At the time, Quaker’s strength was found across all generations, but was particularly strong among Boomers and Matures, indicating an opportunity to increase relevance to Millennials.
Quaker Brand Strategy Leverages Multi-Dimensional Strengths
On rational benefits, Quaker outdistanced the other megabrands on health and nutrition. Other strong health equities were Tropicana, Dannon, Healthy Choice and Dole. Quaker was also good tasting, while more indulgent megabrands are more likely to be great tasting (e.g., Pepperidge Farm, Sara Lee, Pillsbury). Quaker stands out from other close-in “healthy” breakfast competitors like Cheerios and Kellogg’s on hunger satisfaction – a point of differentiation.
Emotionally, the Quaker brand had strength around being a smart choice for taking care of self and also for putting families first.
Related to the emotional benefits, Quaker’s brand was genuine, family-oriented, caring and knowledgeable. It was less innovative and contemporary.

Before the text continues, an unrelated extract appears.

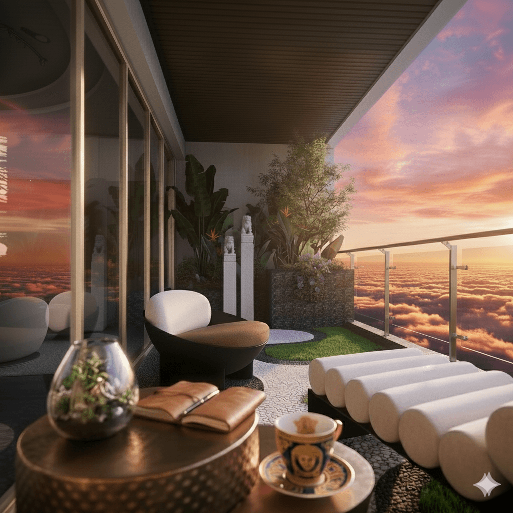 Large Arena balconies and 270° views bring villa-like openness into the sky.

Quaker Brand Strategy Case Study: Category Expansion Zones
Quantitative research looked at category extension opportunities. The assessment was extensive, with 47 categories and multiple approaches (i.e., direct fit, indirect fit, packaging illustrations).
Consumers expressed interest in Quaker brand expanding from its current strength in the breakfast occasion to additional snacks, healthy breads and healthy beverages.
When asked directly which categories Quaker is best suited for, consumers are most likely to stay “closer to home” and generate healthy food items, particularly breakfast foods (e.g., whole grain bread), bakery items (cookies, mixes) and also other healthy snacks (e.g., fruit/fruit snacks, snack nuts/mixes, etc.) Quaker’s core equities also suggested that it could offer several other nutrient-rich products, including whole grain bread, fruits and vegetables, yogurt and dairy beverages.
The Quaker brand strategy category expansion zones were identified, suggesting additional healthy snacks, and breads. Importantly, danger zones were also identified to not expand into, such as breakfast meats, pastry and doughnuts.
To maintain a strong brand long-term, innovation in new categories and products continues to be important, along with store and online presence, marketing and advertising and aligned pricing. Quaker is a very strong brand, but the QFNA division lags other Pepsi divisions like Frito Lay, so that it may not achieve its full potential under this ownership.